This is an important day and age, because we hear time and time again about the battle for the American mind. I am not sure if, when we hear about the battle for the American mind, we may really be talking about the battle for the American brain.

I would like to read you just two or three verses that St. Paul wrote two thousand years ago in
Philippians 2:3:
 
  Do nothing out of selfish ambition and empty conceit, but in lowliness of mind, let each of you consider the other better than themselves. Your attitude, or your mind, should be that of Jesus Christ, who, being in very nature God, did not think equality with God something to be grasped, but Jesus made himself nothing, taking the very nature of a servant, and was made in human likeness. And being found in appearance as a man, he humbled himself and became obedient unto death -- even death on a cross!

When St. Paul encourages us in Philippians 2:5 to have the mind of Christ, I think a very important distinction is being made here between the idea of a mind and the idea of a brain. A brain and a mind are certainly not the same thing. For instance, all of us know people who have the former who don't have the latter at all.

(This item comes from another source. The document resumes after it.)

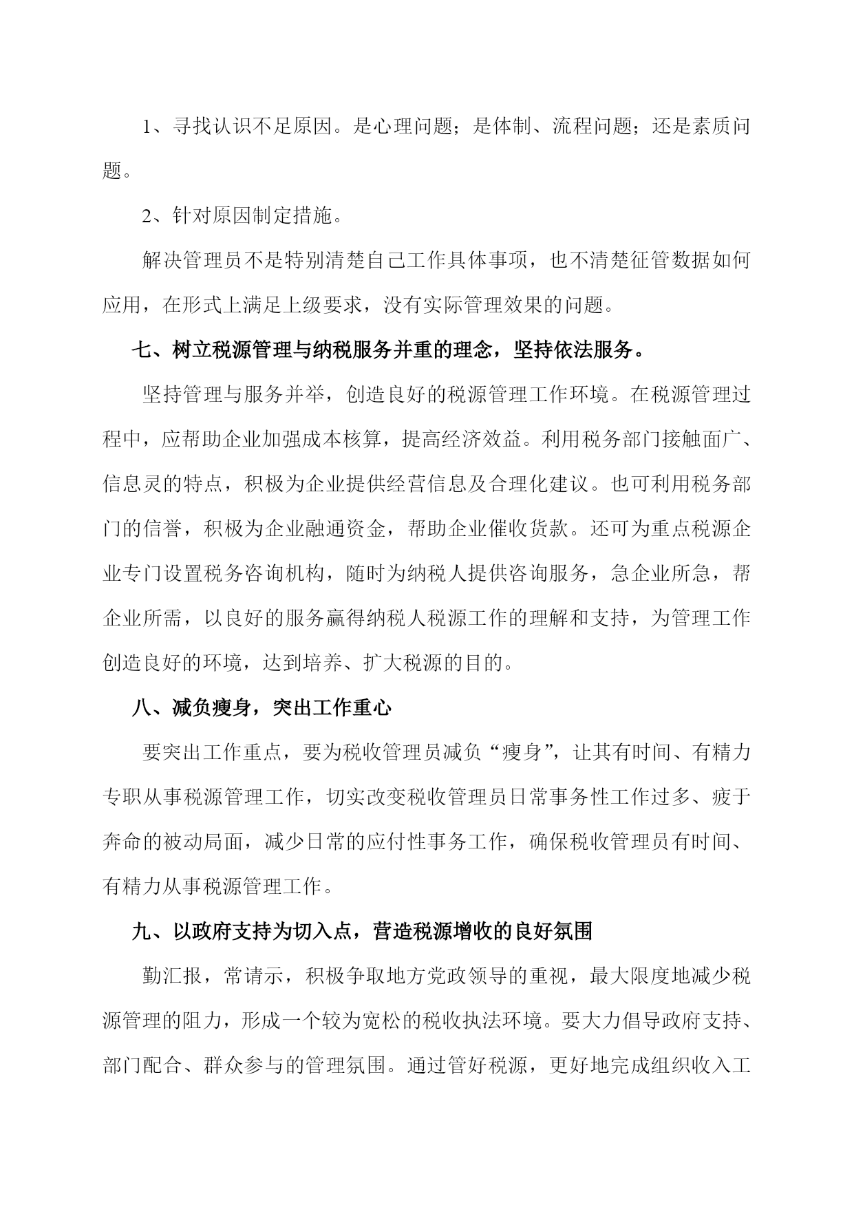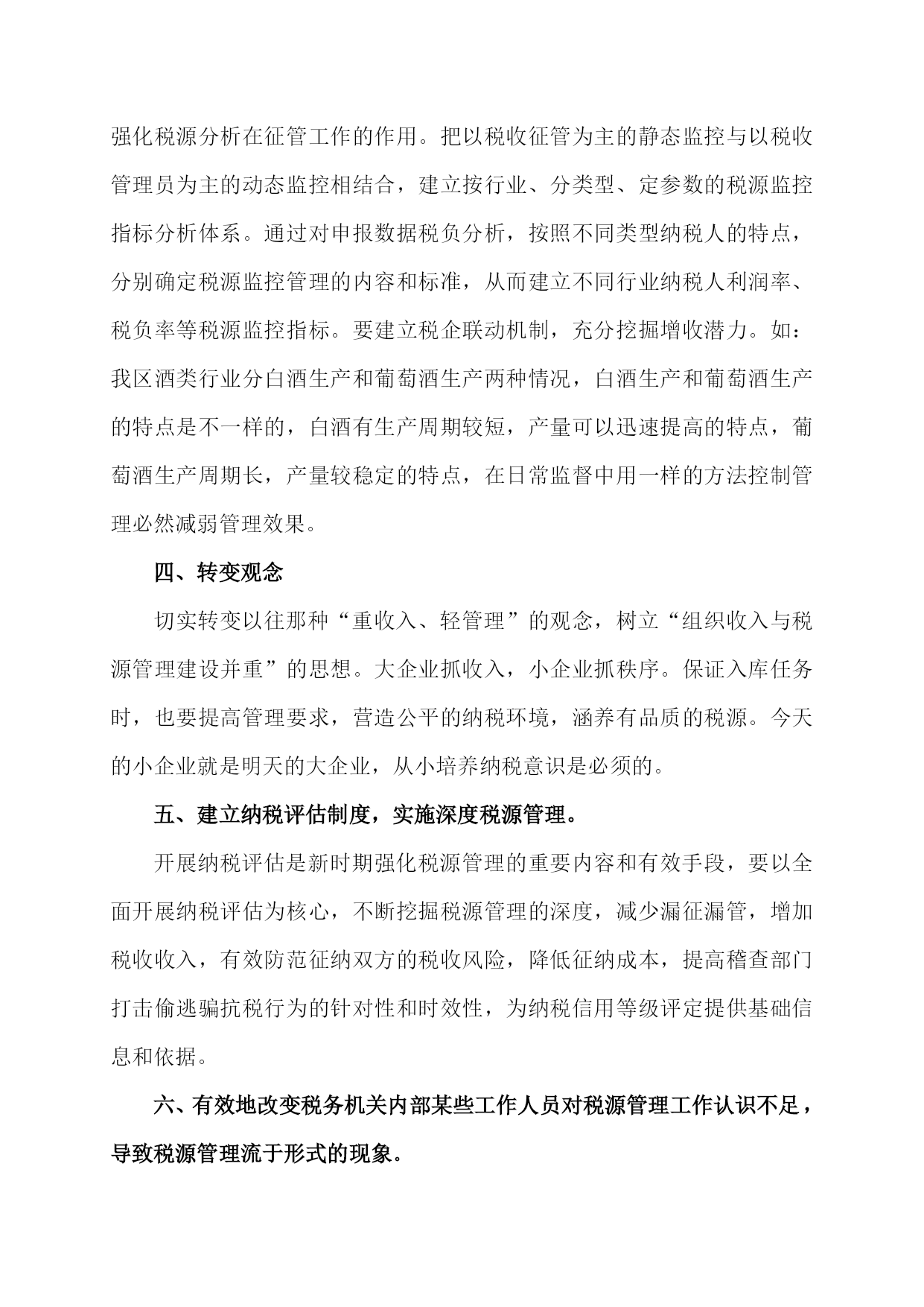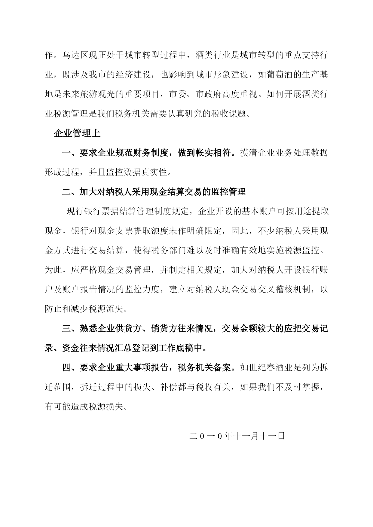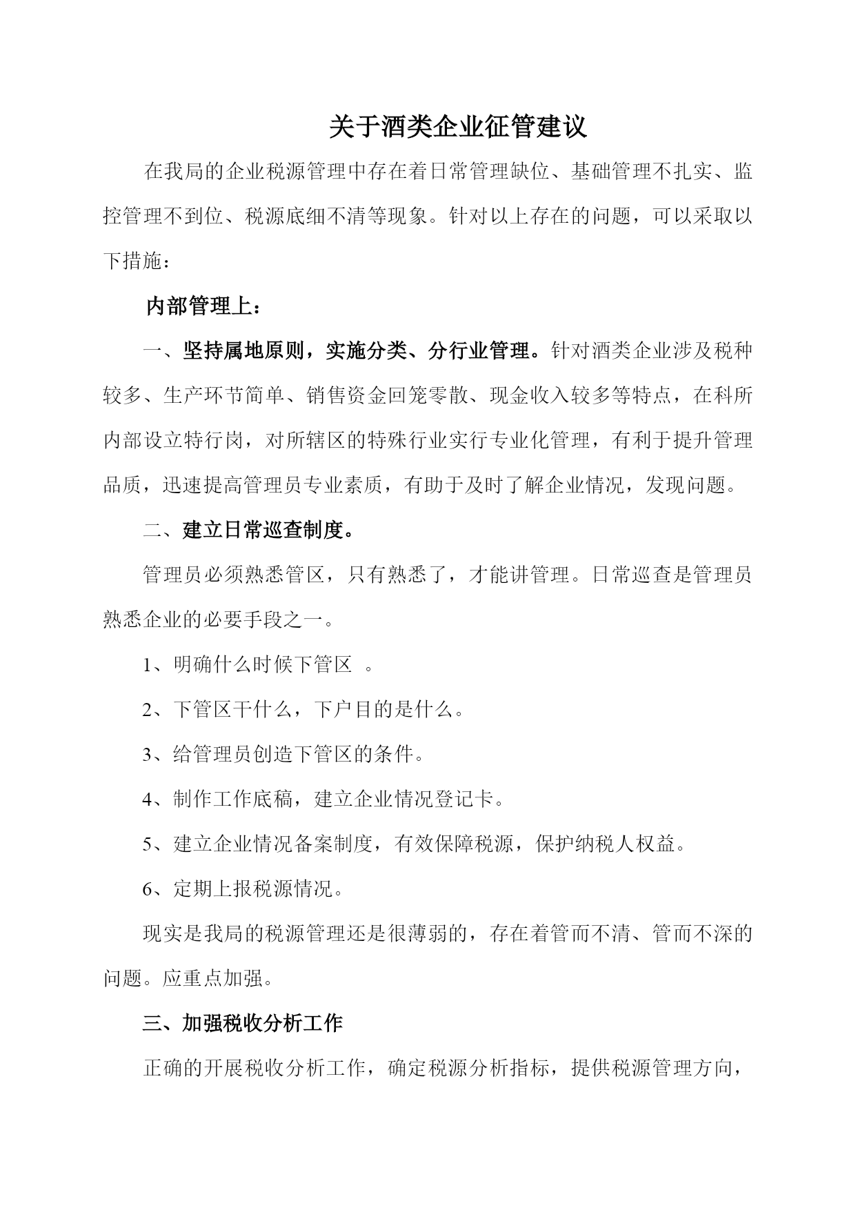 关于酒类企业征管建议在我局的企业税源管理中存在着日常管理缺位、基础管理不扎实、监控管理不到位、税源底细不清等现象。针对以上存在的问题,可以采取以下措施:内部管理上:一、坚持属地原则,实施分类、分行业管理。针对酒类企业涉及税种较多、生产环节简单、销售资金回笼零散、现金收入较多等特点,在科所内部设立特行岗,对所辖区的特殊行业实行专业化管理,有利于提升管理品质,迅速提高管理员专业素质,有助于及时了解企业情况,发现问题。二、建立日常巡查制度。管理员必须熟悉管区,只有熟悉了,才能讲管理。日常巡查是管理员熟悉企业的必要手段之一。1、明确什么时候下管区。2、下管区干什么,下户目的是什么。3、给管理员创造下管区的条件。4、制作工作底稿,建立企业情况登记卡。5、建立企业情况备案制度,有效保障税源,保护纳税人权益。6、定期上报税源情况。现实是我局的税源管理还是很薄弱的,存在着管而不清、管而不深的问题。应重点加强。三、加强税收分析工作正确的开展税收分析工作,确定税源分析指标,提供税源管理方向,强化税源分析在征管工作的作用。把以税收征管为主的静态监控与以税收管理员为主的动态监控相结合,建立按行业、分类型、定参数的税源监控指标分析体系。通过对申报数据税负分析,按照不同类型纳税人的特点,分别确定税源监控管理的内容和标准,从而建立不同行业纳税人利润率、税负率等税源监控指标。要建立税企联动机制,充分挖掘增收潜力。如:我区酒类行业分白酒生产和葡萄酒生产两种情况,白酒生产和葡萄酒生产的特点是不一样的,白酒有生产周期较短,产量可以迅速提高的特点,葡萄酒生产周期长,产量较稳定的特点,在日常监督中用一样的方法控制管理必然减弱管理效果。四、转变观念切实转变以往那种“重收入、轻管理”的观念,树立“组织收入与税源管理建设并重”的思想。大企业抓收入,小企业抓秩序。保证入库任务时,也要提高管理要求,营造公平的纳税环境,涵养有品质的税源。今天的小企业就是明天的大企业,从小培养纳税意识是必须的。五、建立纳税评估制度,实施深度税源管理。开展纳税评估是新时期强化税源管理的重要内容和有效手段,要以全面开展纳税评估为核心,不断挖掘税源管理的深度,减少漏征漏管,增加税收收入,有效防范征纳双方的税收风险,降低征纳成本,提高稽查部门打击偷逃骗抗税行为的针对性和时效性,为纳税信用等级评定提供基础信息和依据。六、有效地改变税务机关内部某些工作人员对税源管理工作认识不足,导致税源管理流于形式的现象。1、寻找认识不足原因。是心理问题;是体制、流程问题;还是素质问题。2、针对原因制定措施。解决管理员不是特别清楚自己工作具体事项,也不清楚征管数据如何应用,在形式上满足上级要求,没有实际管理效果的问题。七、树立税源管理与纳税服务并重的理念,坚持依法服务。坚持管理与服务并举,创造良好的税源管理工作环境。在税源管理过程中,应帮助企业加强成本核算,提高经济效益。利用税务部门接触面广、信息灵的特点,积极为企业提供经营信息及合理化建议。也可利用税务部门的信誉,积极为企业融通资金,帮助企业催收货款。还可为重点税源企业专门设置税务咨询机构,随时为纳税人提供咨询服务,急企业所急,帮企业所需,以良好的服务赢得纳税人税源工作的理解和支持,为管理工作创造良好的环境,达到培养、扩大税源的目的。八、减负瘦身,突出工作重心要突出工作重点,要为税收管理员减负“瘦身”,让其有时间、有精力专职从事税源管理工作,切实改变税收管理员日常事务性工作过多、疲于奔命的被动局面,减少日常的应付性事务工作,确保税收管理员有时间、有精力从事税源管理工作。九、以政府支持为切入点,营造税源增收的良好氛围勤汇报,常请示,积极争取地方党政领导的重视,最大限度地减少税源管理的阻力,形成一个较为宽松的税收执法环境。要大力倡导政府支持、部门配合、群众参与的管理氛围。通过管好税源,更好地完成组织收入工作。乌达区现正处于城市转型过程中,酒类行业是城市转型的重点支持行业,既涉及我市的经济建设,也影响到城市形象建设,如葡萄酒的生产基地是未来旅游观光的重要项目,市委、市政府高度重视。如何开展酒类行业税源管理是我们税务机关需要认真研究的税收课题。企业管理上一、要求企业规范财务制度,做到帐实相符。摸清企业业务处理数据形成过程,并且监控数据真实性。二、加大对纳税人采用现金结算交易的监控管理现行银行票据结算管理制度规定,企业开设的基本账户可按用途提取现金,银行对现金支票提取额度未作明确限定,因此,不少纳税人采用现金方式进行交易结算,使得税务部门难以及时准确有效地实施税源监控。为此,应严格现金交易管理,并制定相关规定,加大对纳税人开设银行账户及账户报告情况的监控力度,建立对纳税人现金交易交叉稽核机制,以防止和减少税源流失。三、熟悉企业供货方、销货方往来情况,交易金额较大的应把交易记录、资金往

The brain, however, is a rather remarkable organ. It operates at various levels and speeds. When the brain operates between zero and three cycles per second, it is operating at what is called a "fade-away condition," which is a condition common to comas and near death. If the brain speeds up to a beta-wave condition, somewhere between seventeen and thirteen cycles per second, it is in a deep-sleep condition. I like to say this is a condition of the mind like listening to a sermon from Leviticus. If we speed it up to between fourteen and twenty-one cycles per second, we are in the alpha-wave condition, a rather doing-business-as-normal sort of condition.

What amazes me about the brain is that it always weighs about three pounds. All human brains are just about the same size. It is really remarkable if you think, for instance, that Madame Curie and Tina Turner have just about the same size mind, or Werner Von Braun and Chevy Chase, or Einstein and Danny Devito.

The brain weighs about three pounds; it perches like a flower on top of a slender stalk, the spinal cord. There it operates in most unusual ways. To talk about the brain being astronomical in size -- there are thirteen billion cells in everybody's brain -- is not really not fair, because in truth there are more cells in the human brain than there are stars in all the solar systems we know about.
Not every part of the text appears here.